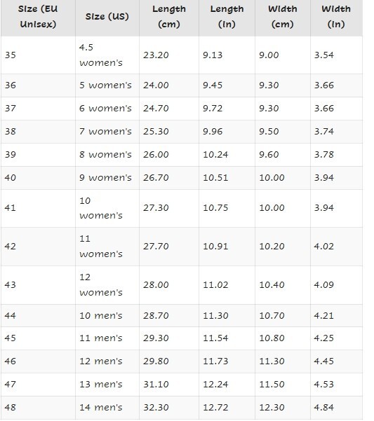 | Tamaño del zapato EUR (mujeres)s: |
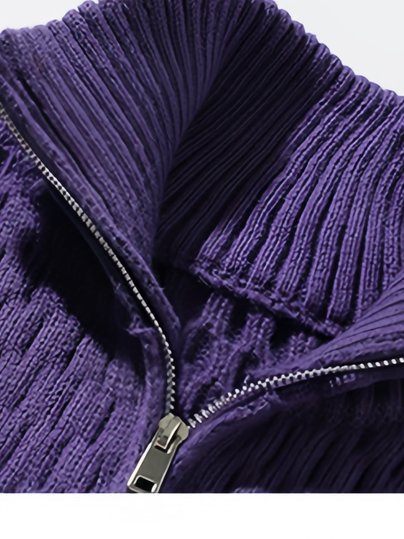 Coarse-pitted Fried Dough Twist Half Zipper Loose Hood Old Money Style Sweater
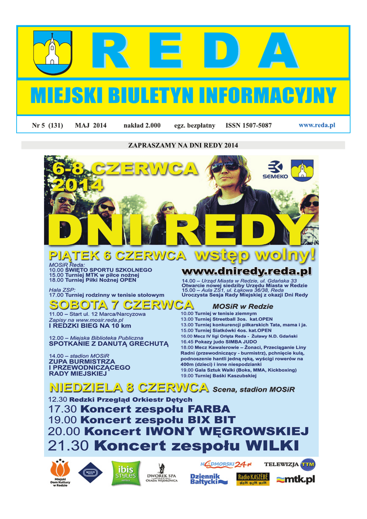 2 REDA – MIEJSKI BIULETYN INFORMACYJNY MAJ 2014 XV-LECIE SZKOŁY PODSTAWOWEJ NR 6 W REDZIE Społeczność szkolna Szkoły Podstawowej nr 6 w Redzie im. Jana Pawła II, 16 maja obchodziła 15 lecie szkoły. W programie obchodów było podsumowanie Miejskiego Konkursu Wiedzy o Janie Pawle II, przedstawienie teatralne dzieci uczęszczających do SP 6, oraz odsłonięcie edukacyjnego labiryntu. Dyrektor szkoły Mirosław Rożyński w imieniu swoim i grona pedagogicznego szkoły podziękował osobom, które przez miniony czas wspomagały działania szkoły. Z okazji jubileuszu na ręce dyrektora zostały złożone życzenia dalszego rozwoju szkoły i osiągnięć pedagogicznych. Tekst i foto: Michał Kaczmarek INDIAŃSKA PRZYGODA W BIBLIOTECE Z okazji tegorocznych obchodów Tygodnia Bibliotek, Miejska Biblioteka Publiczna w Redzie zorganizowała cykl zajęć dla najmłodszych pod hasłem „Indiańska przygoda w Bibliotece”. Dzieci z redzkich przedszkoli poznały kulturę i obyczaje Indian, oglądały zgromadzone w czytelni eksponaty – były pióropusze, łuki, łapacze snów, tipi i tomahawki. Dużo radości sprawiło maluchom używanie swoich nowych indiańskich imion, które przybrali podczas inicjacji na członków plemienia. Punktem kulminacyjnym imprezy były odwiedziny Wielkiego Wodza – Pędzącego Wilka. Zajęcia obfitowały w różnego rodzaj zabawy ruchowe, takie jak indiańskie tańce wokół ogniska, czy polowanie na bizony. Po radosnych indiańskich zabawach dzieci złożyły przysięgę książce i zostały pasowane na czytelników. Uroczystego pasowania dokonała Pani Teresa Kania Zastępca Burmistrza Redy. Indiańska przygoda dostarczyła przedszkolakom wielu ciekawych wrażeń. Dzieci opuściły bibliotekę z upominkami i uśmiechami na twarzy. Tekst H. Matuszak UWAGA – ZMIANA GŁÓWNEJ SIEDZIBY URZĘDU MIASTA REDY Informujemy, że z dniem 9 czerwca główna siedziba Urzędu Miasta Redy będzie się znajdować w budynku przy ulicy Gdańskiej 33, gdzie zostaną przeniesione wszystkie referaty, oprócz Referatu Spraw Obywatelskich oraz Referatu Gospodarki Komunalnej (śmieci), a także części Referatu Finansowego (podatki) i stanowiska ds. Bezpieczeństwa i Zarządzania Kryzysowego, które pozostaną w starym budynku przy ulicy Puckiej 9. Telefony pozostają bez zmian. MAJ 2014 REDA – MIEJSKI BIULETYN INFORMACYJNY INFORMACJE MOPS REDA Miejski Ośrodek Pomocy Społecznej w Redzie Sekcja Świadczeń Rodzinnych Informuje: dot: opiekunów osób dorosłych niepełnosprawnych, którzy utracili świadczenie pielęgnacyjne na mocy niekonstytucyjnego przepisu. W dniu 4 kwietnia 2014 r. została uchwalona ustawa o ustaleniu i wypłacie zasiłków dla opiekunów. (Dz.U. z dnia 30 kwietnia 2014 r. poz. 567) Przedmiotowa ustawa określa warunki nabywania oraz zasady ustalania i wypłacania zasiłków dla opiekunów osobom, które utraciły prawo do świadczenia pielęgnacyjnego z dniem 1 lipca 2013 r. w związku z wygaśnięciem z mocy prawa decyzji przyznającej prawo do świadczenia pielęgnacyjnego. Zasiłek dla opiekuna, w kwocie 520 zł, będzie przysługiwał osobie, jeżeli decyzja o przyznaniu jej prawa do świadczenia pielęgnacyjnego wygasła z mocy prawa z dniem 1 lipca 2013 r., na podstawie uznanego za niekonstytucyjny art. 11 ust. 3 ustawy z dnia 7 grudnia 2012 r. o zmianie ustawy o świadczeniach rodzinnych oraz niektórych innych ustaw. Zasiłek dla opiekuna przysługiwać będzie: 1) za okresy od dnia 1 lipca 2013 r. do dnia poprzedzającego dzień wejścia w życie ustawy, w których osoba spełniała warunki do otrzymania świadczenia pielęgnacyjnego określone w ustawie o świadczeniach w brzmieniu obowiązującym w dniu 31 grudnia 2012 r. (wraz z odsetkami), 2) od dnia wejścia w życie ustawy, jeżeli osoba spełnia warunki do otrzymania świadczenia pielęgnacyjnego określone w ustawie z dnia 28 listopada 2003 r. o świadczeniach rodzinnych w brzmieniu obowiązującym w dniu 31 grudnia 2012 r. Zasiłek dla opiekuna nie będzie przysługiwał za okresy, w których: a) osobie ubiegającej się o zasiłek dla opiekuna zostało ustalone prawo do specjalnego zasiłku opiekuńczego lub świadczenia pielęgnacyjnego lub b) na osobę wymagającą opieki innej osobie zostało ustalone prawo do specjalnego zasiłku opiekuńczego lub świadczenia pielęgnacyjnego. Zarejestrowanie w powiatowym urzędzie pracy jako osoba poszukująca pracy lub posiadanie statusu bezrobotnego nie ma wpływu na uprawnienie do zasiłku dla opiekuna w okresie od dnia 1 lipca 2013 r. do dnia złożenia wniosku o ustalenie zasiłku dla opiekuna. Postępowanie w sprawie ustalenia prawa do zasiłku dla opiekuna organ ustalający prawo do świadczeń pielęgnacyjnych wszczynać będzie na wniosek osoby ubiegającej się o zasiłek dla opiekuna. Wniosek będzie można składać maksymalnie w terminie 4 miesięcy od dnia wejścia w życie ustawy. Prawo do zasiłku dla opiekuna ustalane będzie na czas nieokreślony, chyba że orzeczenie o niepełnosprawności lub orzeczenie o stopniu niepełnosprawności zostało wydane na czas określony. Przy ustalaniu prawa do zasiłku dla opiekuna, organ ustalający prawo będzie się zwracał do kierownika ośrodka pomocy społecznej o przeprowadzenie rodzinnego wywiadu środowiskowego w miejscu sprawowania opieki, w celu potwierdzenia faktu sprawowania opieki przez osobę ubiegającą się o zasiłek dla opiekuna. Aktualizacja wywiadu przeprowadzana będzie co 6 miesięcy. Ustawa nakłada na organy, które wypłacały świadczenia pielęgnacyjne do dnia 30 czerwca 2013 r., obowiązek poinformowania - w terminie 14 dni od dnia wejścia w życie ustawy - osoby, którym przysługiwało świadczenie pielęgnacyjne do dnia 30 czerwca 2013 r., o możliwości złożenia wniosku o przyznanie zasiłku dla opiekuna oraz o warunkach nabywania do niego prawa. Ustawa z dnia 4 kwietnia 2014 r. o ustaleniu i wypłacie zasiłków dla opiekunów została podpisana przez 
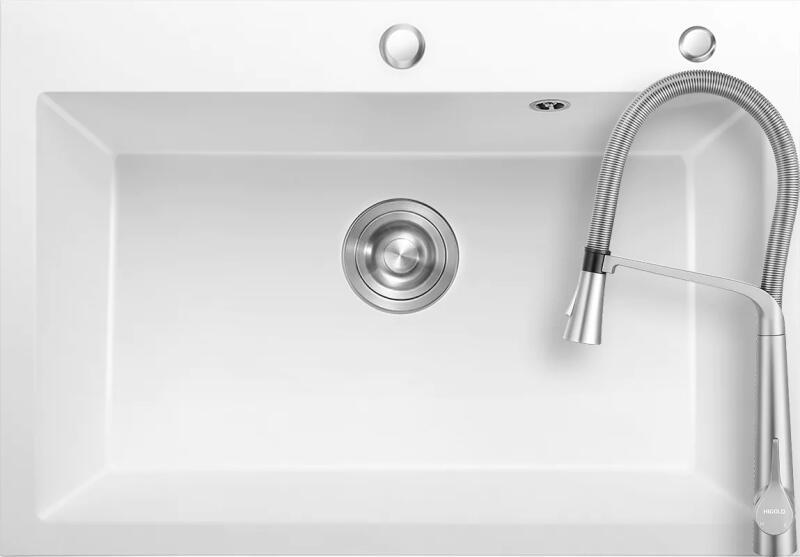 Higold 935004W konyhai mosogatótálca 680 x 480 mm, gránit kompozit, hagyományos beépítés, fehér. A kvarc mosogatókról való minden elképzelésnek eleget tesz. Jól néz ki. Minél többet használod, annál újabb. Hőálló és karcolásálló. Könnyen tisztítható. Egy törlés és az olajos, zsíros foltok is eltűnnek. Nagyon kevés ennyire sima és finom felületű kvarcból kés

» Task to complete
Type the listing above out again exactly, and omit all pictures.

» Solution
 | Tamaño del zapato EUR (mujeres)s: |
 Coarse-pitted Fried Dough Twist Half Zipper Loose Hood Old Money Style Sweater
 2 REDA – MIEJSKI BIULETYN INFORMACYJNY MAJ 2014 XV-LECIE SZKOŁY PODSTAWOWEJ NR 6 W REDZIE Społeczność szkolna Szkoły Podstawowej nr 6 w Redzie im. Jana Pawła II, 16 maja obchodziła 15 lecie szkoły. W programie obchodów było podsumowanie Miejskiego Konkursu Wiedzy o Janie Pawle II, przedstawienie teatralne dzieci uczęszczających do SP 6, oraz odsłonięcie edukacyjnego labiryntu. Dyrektor szkoły Mirosław Rożyński w imieniu swoim i grona pedagogicznego szkoły podziękował osobom, które przez miniony czas wspomagały działania szkoły. Z okazji jubileuszu na ręce dyrektora zostały złożone życzenia dalszego rozwoju szkoły i osiągnięć pedagogicznych. Tekst i foto: Michał Kaczmarek INDIAŃSKA PRZYGODA W BIBLIOTECE Z okazji tegorocznych obchodów Tygodnia Bibliotek, Miejska Biblioteka Publiczna w Redzie zorganizowała cykl zajęć dla najmłodszych pod hasłem „Indiańska przygoda w Bibliotece”. Dzieci z redzkich przedszkoli poznały kulturę i obyczaje Indian, oglądały zgromadzone w czytelni eksponaty – były pióropusze, łuki, łapacze snów, tipi i tomahawki. Dużo radości sprawiło maluchom używanie swoich nowych indiańskich imion, które przybrali podczas inicjacji na członków plemienia. Punktem kulminacyjnym imprezy były odwiedziny Wielkiego Wodza – Pędzącego Wilka. Zajęcia obfitowały w różnego rodzaj zabawy ruchowe, takie jak indiańskie tańce wokół ogniska, czy polowanie na bizony. Po radosnych indiańskich zabawach dzieci złożyły przysięgę książce i zostały pasowane na czytelników. Uroczystego pasowania dokonała Pani Teresa Kania Zastępca Burmistrza Redy. Indiańska przygoda dostarczyła przedszkolakom wielu ciekawych wrażeń. Dzieci opuściły bibliotekę z upominkami i uśmiechami na twarzy. Tekst H. Matuszak UWAGA – ZMIANA GŁÓWNEJ SIEDZIBY URZĘDU MIASTA REDY Informujemy, że z dniem 9 czerwca główna siedziba Urzędu Miasta Redy będzie się znajdować w budynku przy ulicy Gdańskiej 33, gdzie zostaną przeniesione wszystkie referaty, oprócz Referatu Spraw Obywatelskich oraz Referatu Gospodarki Komunalnej (śmieci), a także części Referatu Finansowego (podatki) i stanowiska ds. Bezpieczeństwa i Zarządzania Kryzysowego, które pozostaną w starym budynku przy ulicy Puckiej 9. Telefony pozostają bez zmian. MAJ 2014 REDA – MIEJSKI BIULETYN INFORMACYJNY INFORMACJE MOPS REDA Miejski Ośrodek Pomocy Społecznej w Redzie Sekcja Świadczeń Rodzinnych Informuje: dot: opiekunów osób dorosłych niepełnosprawnych, którzy utracili świadczenie pielęgnacyjne na mocy niekonstytucyjnego przepisu. W dniu 4 kwietnia 2014 r. została uchwalona ustawa o ustaleniu i wypłacie zasiłków dla opiekunów. (Dz.U. z dnia 30 kwietnia 2014 r. poz. 567) Przedmiotowa ustawa określa warunki nabywania oraz zasady ustalania i wypłacania zasiłków dla opiekunów osobom, które utraciły prawo do świadczenia pielęgnacyjnego z dniem 1 lipca 2013 r. w związku z wygaśnięciem z mocy prawa decyzji przyznającej prawo do świadczenia pielęgnacyjnego. Zasiłek dla opiekuna, w kwocie 520 zł, będzie przysługiwał osobie, jeżeli decyzja o przyznaniu jej prawa do świadczenia pielęgnacyjnego wygasła z mocy prawa z dniem 1 lipca 2013 r., na podstawie uznanego za niekonstytucyjny art. 11 ust. 3 ustawy z dnia 7 grudnia 2012 r. o zmianie ustawy o świadczeniach rodzinnych oraz niektórych innych ustaw. Zasiłek dla opiekuna przysługiwać będzie: 1) za okresy od dnia 1 lipca 2013 r. do dnia poprzedzającego dzień wejścia w życie ustawy, w których osoba spełniała warunki do otrzymania świadczenia pielęgnacyjnego określone w ustawie o świadczeniach w brzmieniu obowiązującym w dniu 31 grudnia 2012 r. (wraz z odsetkami), 2) od dnia wejścia w życie ustawy, jeżeli osoba spełnia warunki do otrzymania świadczenia pielęgnacyjnego określone w ustawie z dnia 28 listopada 2003 r. o świadczeniach rodzinnych w brzmieniu obowiązującym w dniu 31 grudnia 2012 r. Zasiłek dla opiekuna nie będzie przysługiwał za okresy, w których: a) osobie ubiegającej się o zasiłek dla opiekuna zostało ustalone prawo do specjalnego zasiłku opiekuńczego lub świadczenia pielęgnacyjnego lub b) na osobę wymagającą opieki innej osobie zostało ustalone prawo do specjalnego zasiłku opiekuńczego lub świadczenia pielęgnacyjnego. Zarejestrowanie w powiatowym urzędzie pracy jako osoba poszukująca pracy lub posiadanie statusu bezrobotnego nie ma wpływu na uprawnienie do zasiłku dla opiekuna w okresie od dnia 1 lipca 2013 r. do dnia złożenia wniosku o ustalenie zasiłku dla opiekuna. Postępowanie w sprawie ustalenia prawa do zasiłku dla opiekuna organ ustalający prawo do świadczeń pielęgnacyjnych wszczynać będzie na wniosek osoby ubiegającej się o zasiłek dla opiekuna. Wniosek będzie można składać maksymalnie w terminie 4 miesięcy od dnia wejścia w życie ustawy. Prawo do zasiłku dla opiekuna ustalane będzie na czas nieokreślony, chyba że orzeczenie o niepełnosprawności lub orzeczenie o stopniu niepełnosprawności zostało wydane na czas określony. Przy ustalaniu prawa do zasiłku dla opiekuna, organ ustalający prawo będzie się zwracał do kierownika ośrodka pomocy społecznej o przeprowadzenie rodzinnego wywiadu środowiskowego w miejscu sprawowania opieki, w celu potwierdzenia faktu sprawowania opieki przez osobę ubiegającą się o zasiłek dla opiekuna. Aktualizacja wywiadu przeprowadzana będzie co 6 miesięcy. Ustawa nakłada na organy, które wypłacały świadczenia pielęgnacyjne do dnia 30 czerwca 2013 r., obowiązek poinformowania - w terminie 14 dni od dnia wejścia w życie ustawy - osoby, którym przysługiwało świadczenie pielęgnacyjne do dnia 30 czerwca 2013 r., o możliwości złożenia wniosku o przyznanie zasiłku dla opiekuna oraz o warunkach nabywania do niego prawa. Ustawa z dnia 4 kwietnia 2014 r. o ustaleniu i wypłacie zasiłków dla opiekunów została podpisana przez 
 Higold 935004W konyhai mosogatótálca 680 x 480 mm, gránit kompozit, hagyományos beépítés, fehér. A kvarc mosogatókról való minden elképzelésnek eleget tesz. Jól néz ki. Minél többet használod, annál újabb. Hőálló és karcolásálló. Könnyen tisztítható. Egy törlés és az olajos, zsíros foltok is eltűnnek. Nagyon kevés ennyire sima és finom felületű kvarcból kés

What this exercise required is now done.